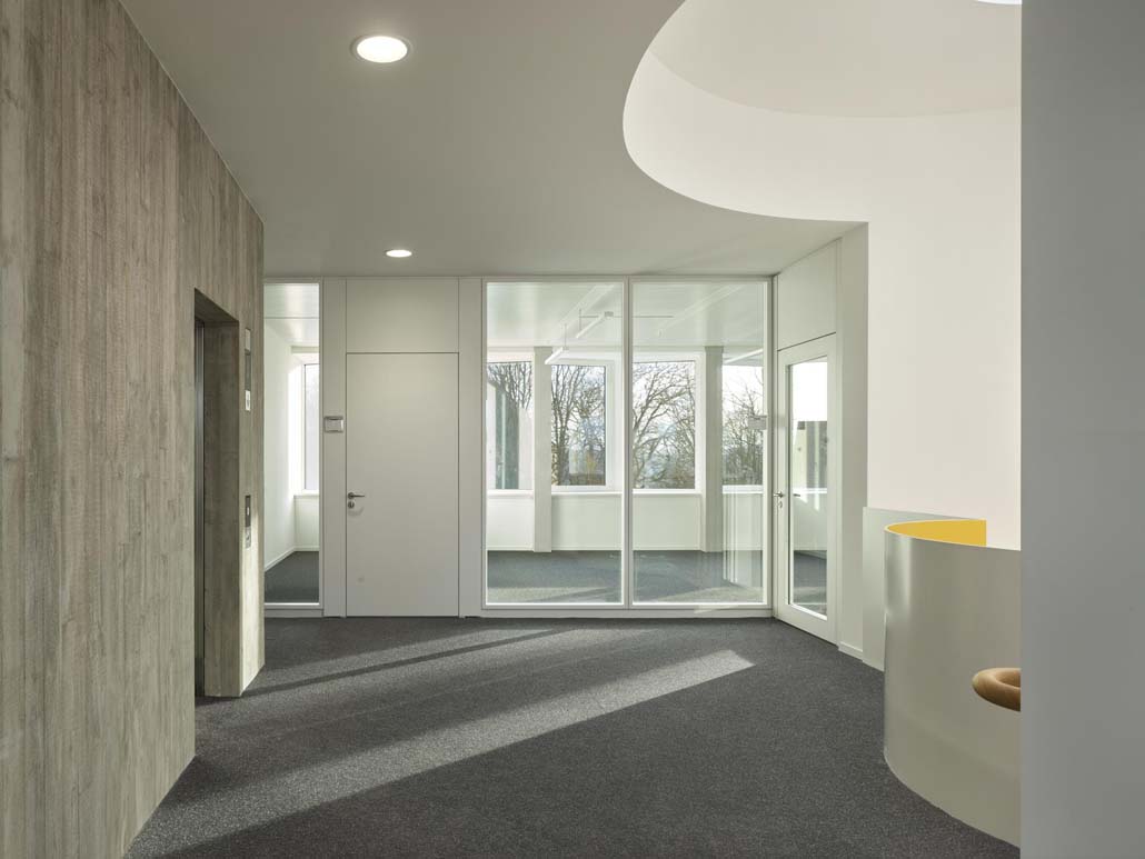 Das Foyer öffnet sich zu einem öffentlichen Bereich, der flexibel nutzbar ist – etwa für Veranstaltungen, Empfänge oder kleine Gruppenformate. Im Zentrum des Gebäudes befindet sich ein massiver Sichtbetonkern mit Holztüren, der in Kontrast zu den hellen Wandflächen und verglasten Flurwänden steht.
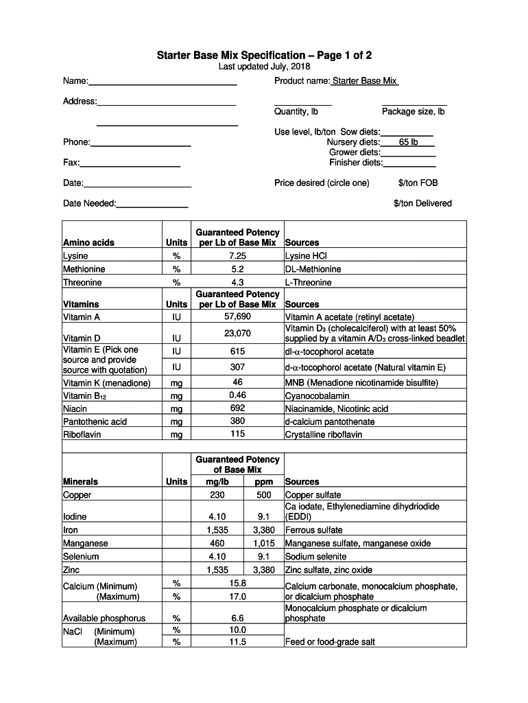 Starter Base Mix Specification Page 1 of 2 Last updated July 2018 Product name: Starter Base Misname: Address:Quantity, package size, fax:Use level, lb/ton Sow diets: Nursery diets: Grower diets:
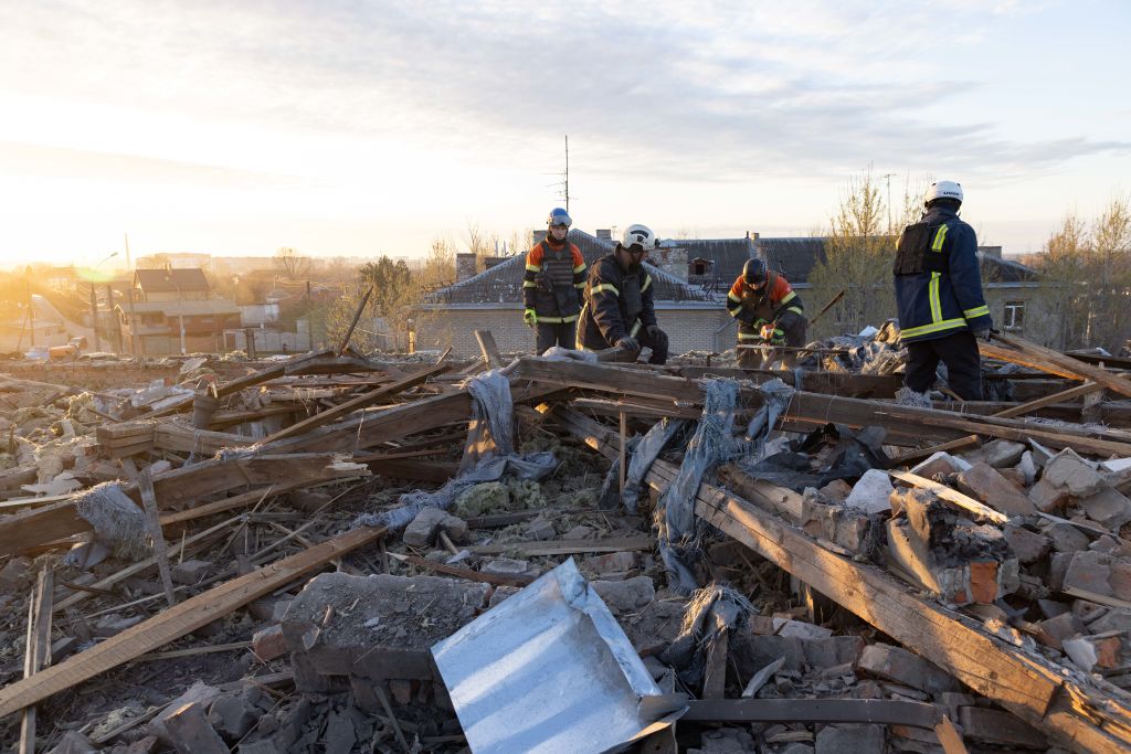 俄罗斯无人机袭击后的哈尔科夫救援人员,4月4日。摄影师:叶甫根·提托夫/全球图片乌克兰/盖蒂图片社
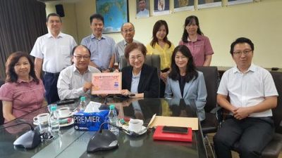 刘静芝于昨日接见兵南邦中华幼儿园董事长方德宇率领的幼儿园代表团时,宣布好消息。
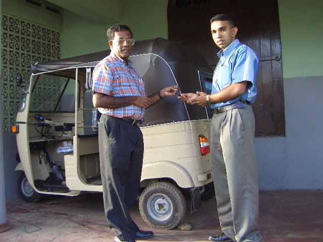 Handing over the three wheeler to Mr.Anura Dissanayake the Manager
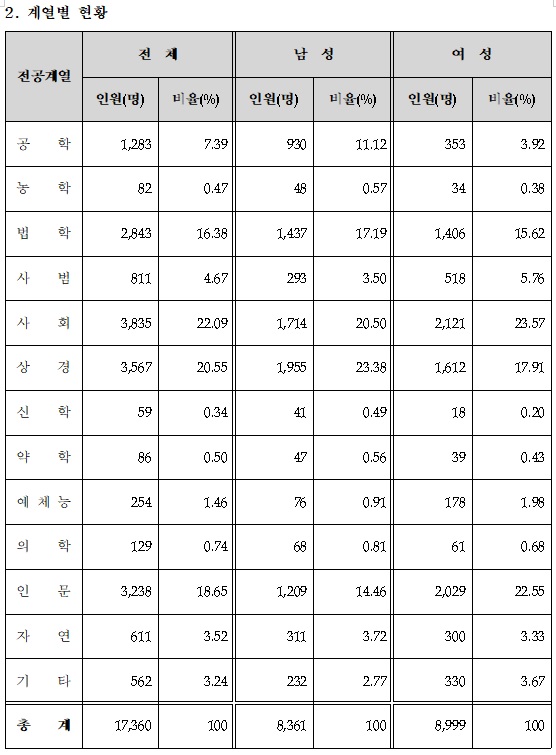 사회계열이 22.09%로 상경계열 20.55%를 근소한 차이로 앞서면서 가장 높은 비율을 보였습니다.
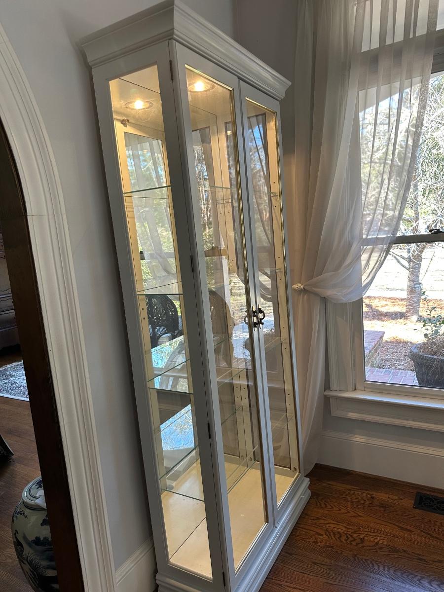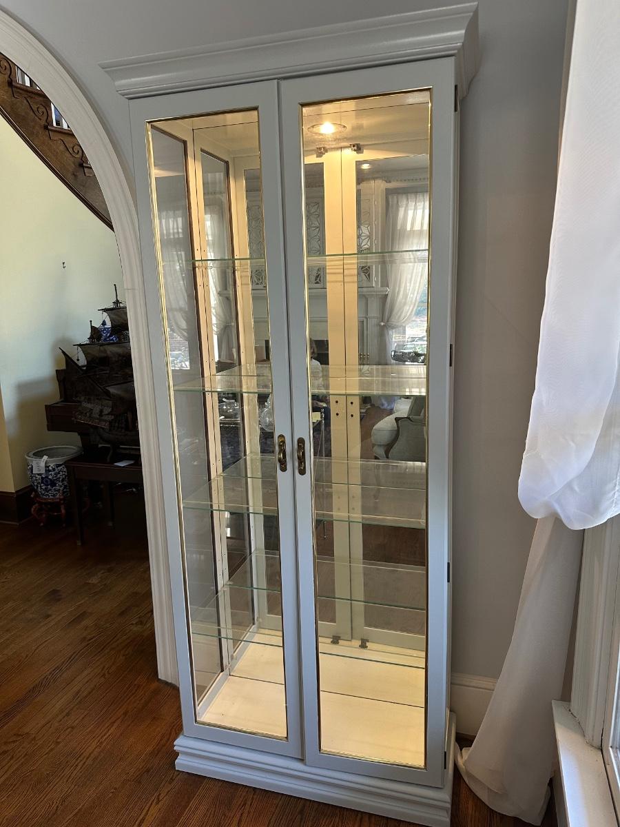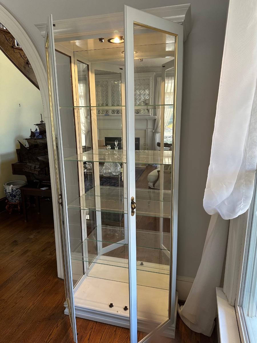 WHITE LIGHTED CURIO CABINET 33X12X76

THE TASK ▸ Going from the line that holds "사회계열이 22.09%로 상경계열" to the end of the listing above, copy each line exactly and nothing more, leaving pictures aside.

EXERCISE RESPONSE ▸
 사회계열이 22.09%로 상경계열 20.55%를 근소한 차이로 앞서면서 가장 높은 비율을 보였습니다.
 WHITE LIGHTED CURIO CABINET 33X12X76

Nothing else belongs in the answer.